Recentemente a entidade subiu da 25ª para a 18ª posição no ranking das 100 maiores empresas do mundo da revista Forbes. Ela manteve-se como a companhia brasileira mais bem colocada na lista. A classificação leva em conta vendas anuais em dólar, ativos, lucro, e valor de mercado. Entre as brasileiras listadas estão: Bradesco na 51ª posição, Banco do Brasil na 52ª, Vale, ocupando a 80ª, e Itausa na 82ª posição.

Novas demandas
O gerente do Cenpes afirmou que a demanda por recursos humanos representa uma grandeza considerável na agenda de inovação da empresa. “Na próxima década haverá uma demanda de cerca de 120 mil profissionais só para a indústria de óleo e gás, sendo 15% de nível superior”, disse.
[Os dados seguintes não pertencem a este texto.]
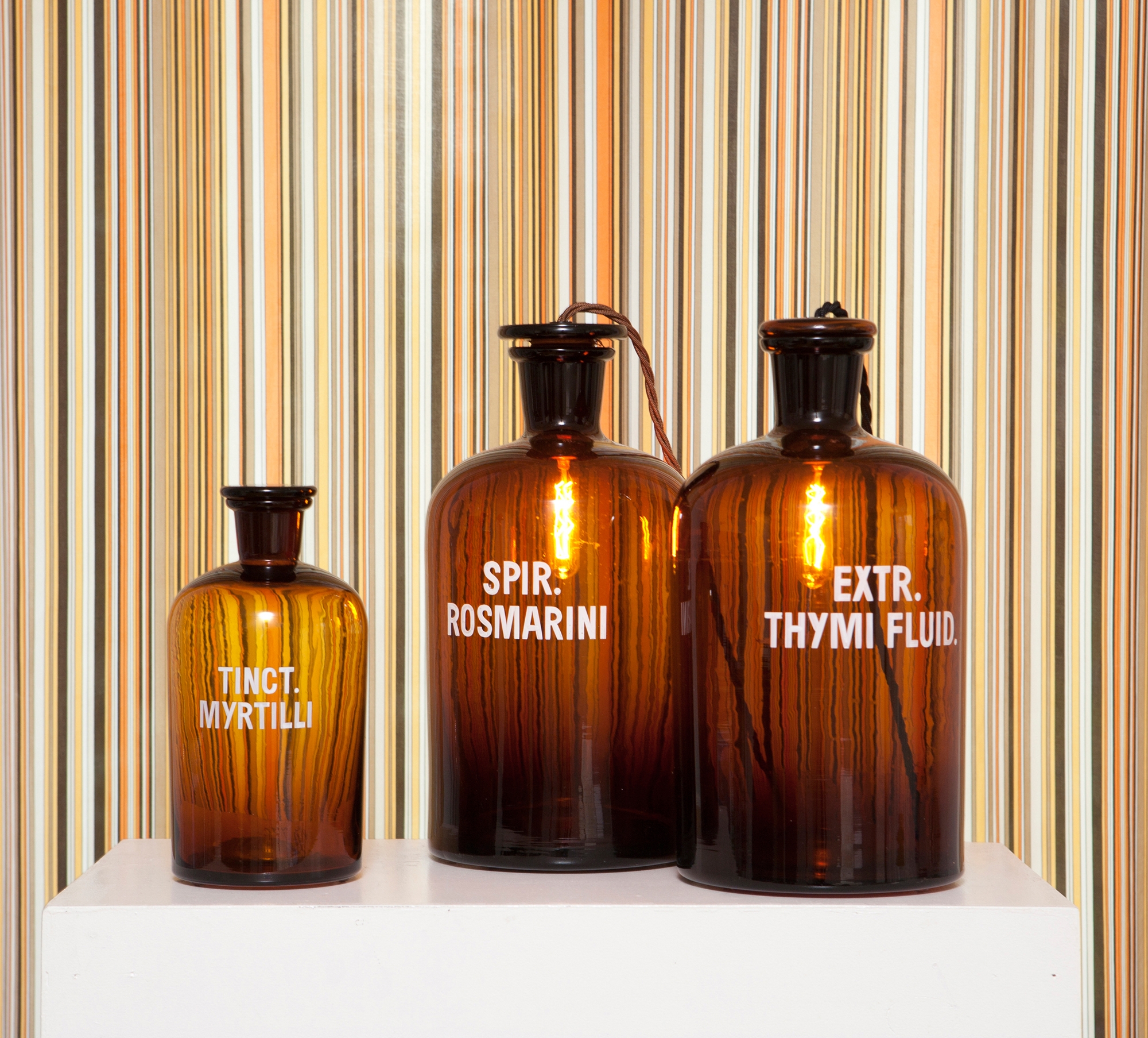 Responds to mass consumption and mass production. Antique apothecary objects, reconstructed to become a new and unique interior object.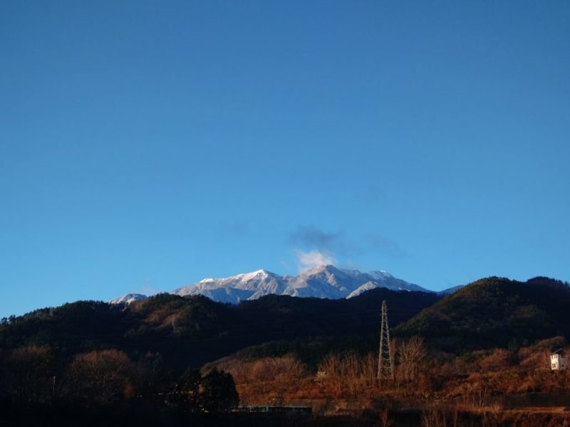 昨日の雨は山では雪だったようで、標高1660mの日向山も少し白くなっていました。

Fraga lembrou que 56% da equipe atual do Centro de Pesquisa da Petrobras têm menos de dez anos de experiência.

Por se tratar de uma atividade que emite gases de efeito estufa e consome muita água, a empresa projeta mais investimentos em gestão ambiental para que os impactos sejam reduzidos. “A Petrobras vai precisar de mais recursos humanos e a academia vai precisar de mais pesquisadores trabalhando nesses temas”, adiantou o especialista.

Somada a infra-estrutura interna, a Petrobras conta com a colaboração de uma rede externa de universidades e instituições de P&D nacionais. “A inteligência tecnológica existente do lado de fora da companhia é muito maior do que nossa capacidade interna de conduzir os trabalhos e desafios. Dependemos e gostamos de depender das parcerias que formamos, sejam atores da academia ou do setor industrial”, relatou. Atualmente a Petrobras trabalha em cooperação com 50 redes temáticas, envolvendo 80 universidades e instituições de P&D em 19 Estados brasileiros.